Economia

Fato ou Fake? A fada da confiança e o jornalismo econômico da Rede Globo

Seguir a cartilha de reconstrução da confiança não é apenas um mau conselho. A austeridade pode empurrar os cidadãos para o colo dos golpistas

O economista Guilherme Mello, representante do programa econômico do PT, na GloboNews
Apoie Siga-nos no

A confirmação da exclusão da candidatura Lula e sua substituição por Fernando Haddad levaram a uma disputa sobre o programa econômico de um eventual governo petista. Como mostrei em artigo anterior, o próprio Haddad foi objeto de um ataque especulativo envolvendo o mercado financeiro e a imprensa para comprometê-lo com a agenda de restauração da confiança do mercado por meio da austeridade.

A tentativa de extrair uma admissão dos erros da política econômica de Dilma e um compromisso com a austeridade começou em agosto com o “debate” entre os jornalistas da GloboNews e o economista Guilherme Mello, representante do programa econômico do PT.

Neste debate, como já mostrei, a narrativa da Globo chegou ao ponto de distorcer os dados para defender o absurdo de que a recessão começou em 2014 e não em 2015 com Joaquim Levy. Além disso, um jornalista nos assegurou que, ao contrário do que dizia Guilherme, não foi a desaceleração econômica que provocou a perda de confiança empresarial. Ao contrário, segundo ele, foi a perda de confiança empresarial com o excesso de gastos do governo Dilma que provocou a desaceleração e a crise.

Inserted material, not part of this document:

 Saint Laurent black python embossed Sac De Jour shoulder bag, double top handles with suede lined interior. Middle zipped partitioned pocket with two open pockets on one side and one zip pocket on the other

O intuito político do diagnóstico é estender no tempo a promessa da austeridade: cortar o gasto público para restaurar a confiança empresarial. A hipótese (nem sempre explícita) é que mesmo que a contração da demanda pública prejudique diretamente as vendas das empresas privadas, os empresários vão investir o suficiente para compensar este efeito negativo porque ficarão mais confiantes. Nesta narrativa, seria a confiança na trajetória da dívida pública, e não a demanda efetiva, que conduziria as decisões de produção e investimento privado.

Leia também:
Checagem de fatos e Fake News no jornalismo econômico da Rede Globo
O que é a austeridade? E por que os neoliberais a defendem?

Esta é a hipótese teórica de “austeridade expansionista” que justificou os cortes precoces do estimulo fiscal nos EUA e na Europa em 2010 e que já foi desacreditada teórica e empiricamente em vários estudos acadêmicos. Apelidada de “fada da confiança” pelos economistas Paul Krugman e Joseph Stiglitz já em 2010, ela é cada vez mais residual no jornalismo econômico no resto do mundo.

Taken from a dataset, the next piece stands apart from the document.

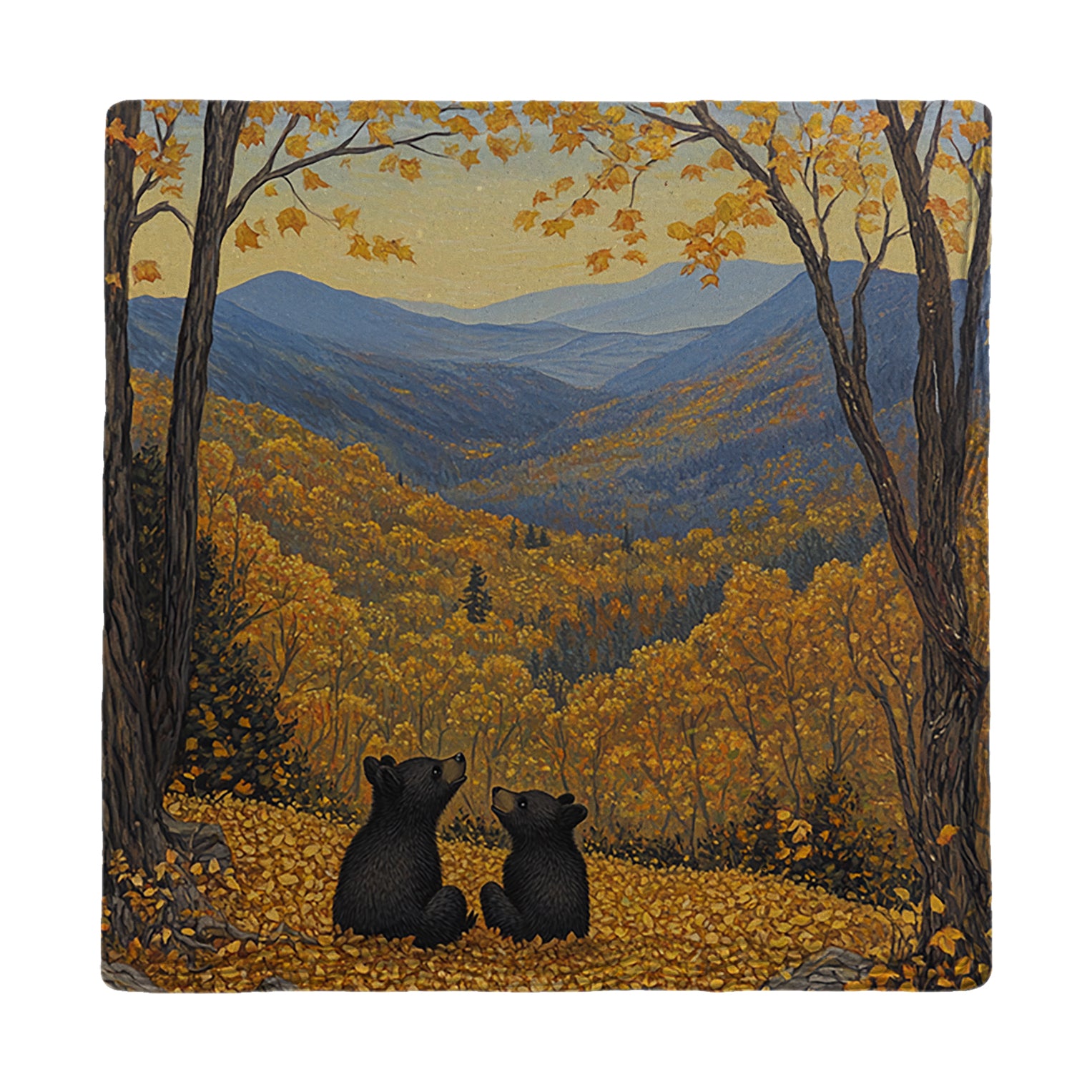 Golden Fall Black Bear Cubs | Drink Coaster

Os jornalistas econômicos da GloboNews não têm o dever de conhecer a bibliografia econômica internacional, mas deviam pensar duas vezes antes de questionar publicamente economistas que têm este dever.

No caso brasileiro, o problema é que a hipótese de que a desaceleração ocorrida no governo Dilma ocorreu depois da perda de confiança provocada pela “gastança” não resiste ao que deveria ser a tarefa primeira do jornalismo: a checagem dos fatos.

Para começar, veremos em um artigo seguinte que, se comparado aos governos de Lula e FHC, não houve gastança no governo Dilma. Ademais, os primeiros anos dos governos Dilma Rousseff (2011 e 2015) permitem refutar a hipótese de austeridade expansionista.

O impacto da contração fiscal do primeiro ano do governo Dilma foi devastador sobre o crescimento e totalmente contrário ao esperado pelos defensores da restauração da confiança e do gasto privado através da austeridade.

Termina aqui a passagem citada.